The PL/SQL function used for calculating the ROUTE_COST is like this:
create or replace function evaluate_string ( p_string in varchar2 ) return number is l_result number; begin execute immediate 'select '||p_string||' from dual' into l_result; return l_result; end evaluate_string; /
The p_string that is passed into this function is assumed to contain a valid SQL expression. This expression is pasted into a simple query against dual. The result is returned. Usage for example:
select evaluate_string('5*4') from dual / EVALUATE_STRING('5*4') ---------------------- 20
Which is quite silly as it is the exact same thing as
select 5*4 from dual /
The value of this little function is apparent when the query returns an expression we cannot predict. For example:
select ename , sal ||case job when 'SALESMAN' then '+' when 'CLERK' then '*' when 'PRESIDENT' then '/' else '-' end ||((sysdate - hiredate)/25) new_sal from emp /
To know the values for new_sal, we need to dynamically calculate those values from the new_sal expressions, like this:
select ename , evaluate_string(new_sal) new_salary from ( select ename , sal ||case job when 'SALESMAN' then '+' when 'CLERK' then '*' when 'PRESIDENT' then '/' else '-' end ||((sysdate - hiredate)/25) new_sal from emp ) /
Note: this function is wide open to SQL Injection. Be sure to not allow other programs or users to make use of the function or add a test on the value of p_string – for example p_string may not contain the word FROM. Without such measures, someone might abuse the function with calls like:
declare l_result number; begin l_result:= evaluate_string('(select sal from emp where ename=''KING'')'); end; /
thereby getting at our most secret data!
We can now rewrite the query to include filter and order by clauses, finally getting what we want: the quickest route from A to D:
select graph.* , evaluate_string(graph.route_cost) distance from ( select level number_of_transfers , sys_connect_by_path(distance,'+') route_cost , CONNECT_BY_ROOT from_point||sys_connect_by_path(to_point,'/') route from point_connections pc connect by nocycle prior to_point = from_point start with from_point = 'A' -- starting point of the trip ) graph where regexp_like(route,'D$') -- D is the final destination order by distance /
So clearly the quickest way to get from A to D is through C with a total distance of 7.

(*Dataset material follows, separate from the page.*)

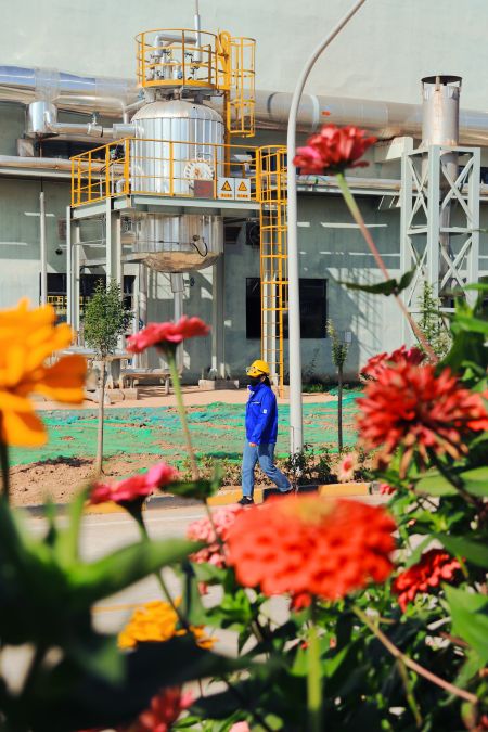 “萬(wàn)美之中秋為最”,秋不止在山村田野間路過,還停留在新民塬工業(yè)園區(qū)的每一處不起眼的角落里。漸漸泛黃的樹葉與銀白色的精餾塔形成鮮明的比照,愈發(fā)凸顯出藏在工業(yè)建筑里獨(dú)特的秋色;陽(yáng)光從金黃的樹隙間透過,散發(fā)著耀眼的光芒;道路兩旁,幾株不知名的野花努力地挽留著詩(shī)情畫意的秋天;工業(yè)的“高冷”與秋天的“詩(shī)情畫意”在這片土地上實(shí)現(xiàn)完美的交融,這便是藏在彬州化工里的秋色。

Eating a little more of the pudding
To prove our approach a little further, let's build a road from E to D. Our graph(ic) now looks like this:
The data in the table CONNECTIONS is changed like this:
If we execute our query again – note: the exact same query as we are interested in finding an answer to the exact same question – we get a new answer. And already this answer is not entirely trivial. What would you think is the quickest way from A to D, just by looking at the picture of the graph? The answer:
So going from A to B to E to D results in the quicket route.
I haven't got a clue as to the performance of this query with larger numbers of points and connections. I would expect we should do anything we can to only start routes at meaningful points and try to stop investigating a route as soon as we know it goes nowhere. Well, that is for later.